**Task to complete**
Of the lines in the data below, write out exactly those from the one holding "STORY Keramický hrnek" through the one holding "RESOLUTION ADOPTING AND", both included.
___ Data to examine
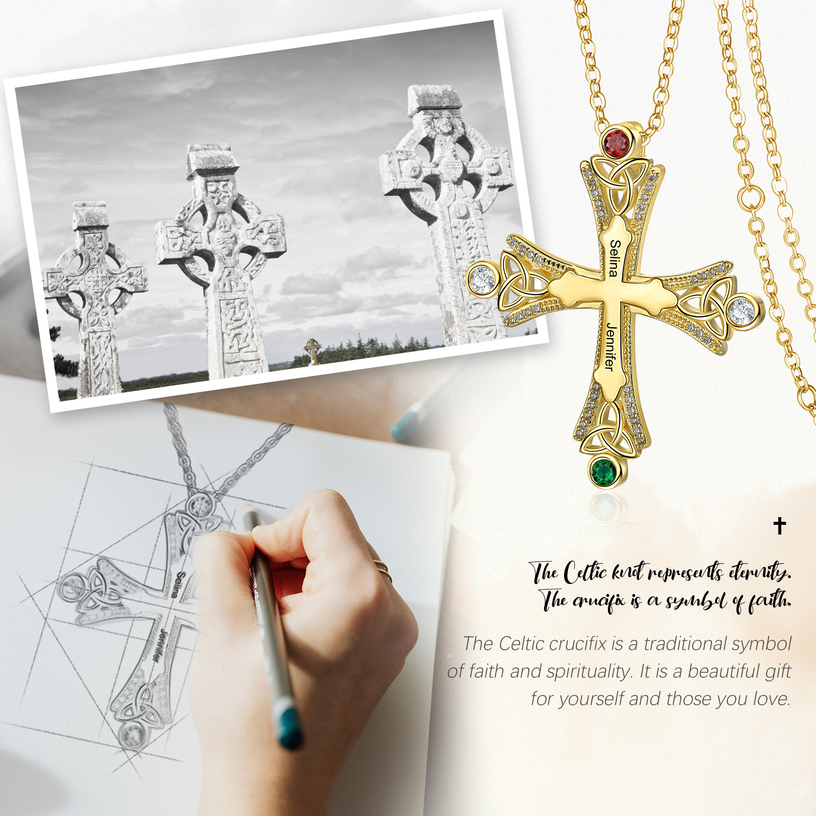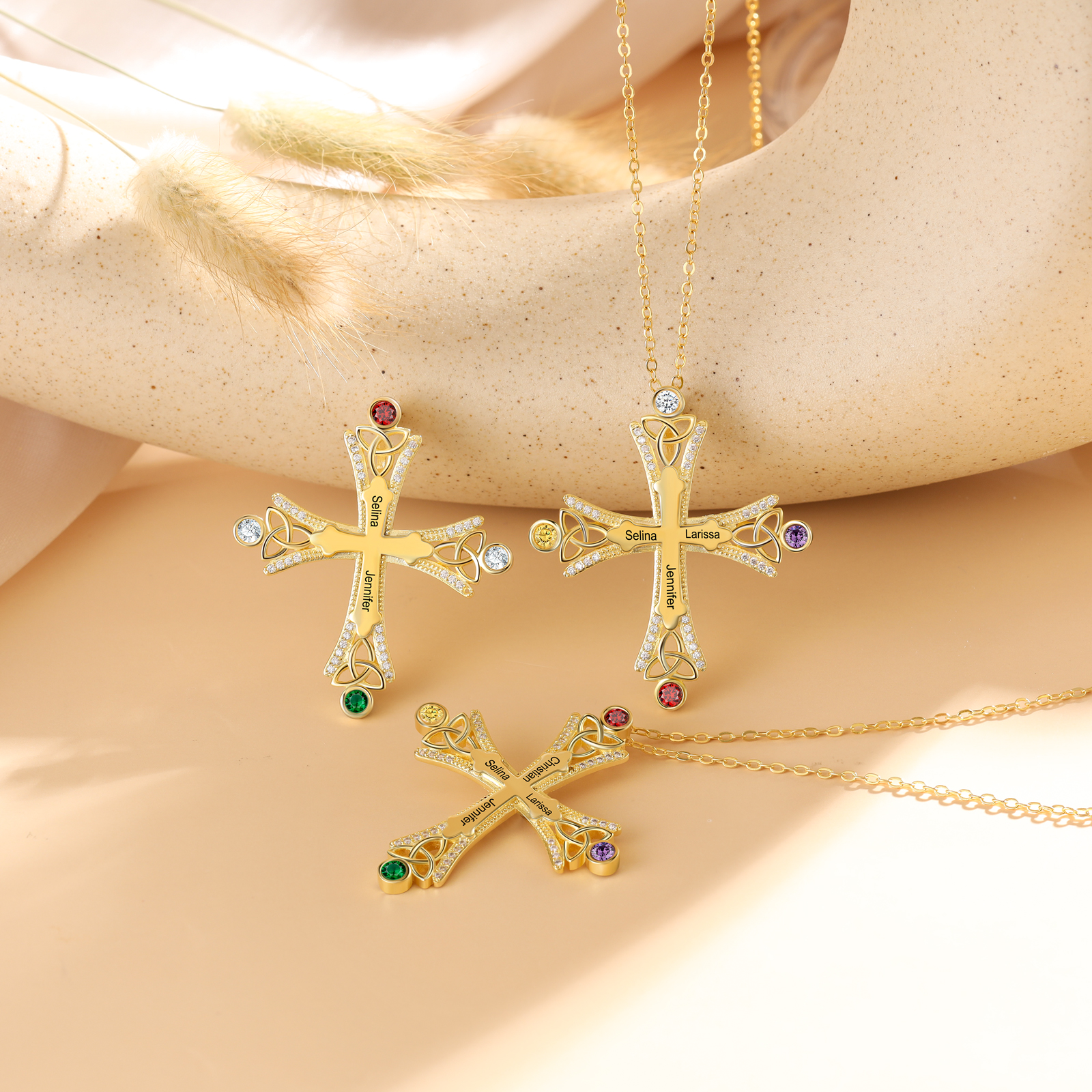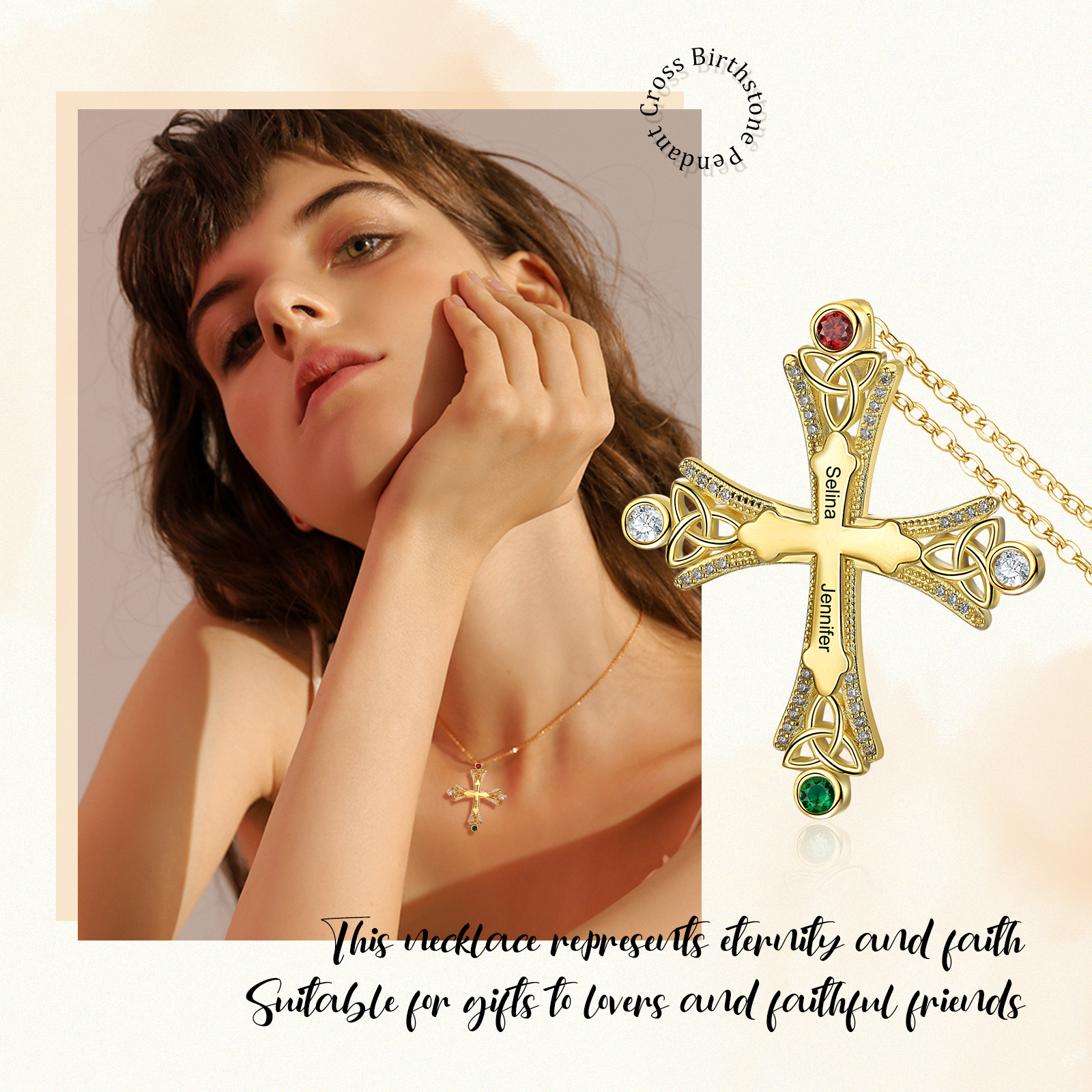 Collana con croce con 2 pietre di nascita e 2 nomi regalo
______
___ Data to examine
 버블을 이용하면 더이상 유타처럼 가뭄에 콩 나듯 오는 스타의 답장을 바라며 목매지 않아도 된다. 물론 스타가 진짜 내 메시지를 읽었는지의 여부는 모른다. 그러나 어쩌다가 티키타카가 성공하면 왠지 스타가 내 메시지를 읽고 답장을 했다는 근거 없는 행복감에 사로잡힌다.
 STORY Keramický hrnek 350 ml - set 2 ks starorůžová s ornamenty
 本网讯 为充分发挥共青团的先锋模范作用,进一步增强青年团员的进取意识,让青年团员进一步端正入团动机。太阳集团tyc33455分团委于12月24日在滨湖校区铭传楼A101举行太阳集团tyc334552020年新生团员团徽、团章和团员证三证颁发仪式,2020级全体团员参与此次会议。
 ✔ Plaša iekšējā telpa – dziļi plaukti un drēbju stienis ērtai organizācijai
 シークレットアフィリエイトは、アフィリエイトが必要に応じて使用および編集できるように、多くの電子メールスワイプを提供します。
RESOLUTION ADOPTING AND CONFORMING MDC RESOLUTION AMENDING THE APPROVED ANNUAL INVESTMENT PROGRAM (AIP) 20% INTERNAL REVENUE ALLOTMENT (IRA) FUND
______
**Solution for this exercise**
 STORY Keramický hrnek 350 ml - set 2 ks starorůžová s ornamenty
 本网讯 为充分发挥共青团的先锋模范作用,进一步增强青年团员的进取意识,让青年团员进一步端正入团动机。太阳集团tyc33455分团委于12月24日在滨湖校区铭传楼A101举行太阳集团tyc334552020年新生团员团徽、团章和团员证三证颁发仪式,2020级全体团员参与此次会议。
 ✔ Plaša iekšējā telpa – dziļi plaukti un drēbju stienis ērtai organizācijai
 シークレットアフィリエイトは、アフィリエイトが必要に応じて使用および編集できるように、多くの電子メールスワイプを提供します。
RESOLUTION ADOPTING AND CONFORMING MDC RESOLUTION AMENDING THE APPROVED ANNUAL INVESTMENT PROGRAM (AIP) 20% INTERNAL REVENUE ALLOTMENT (IRA) FUND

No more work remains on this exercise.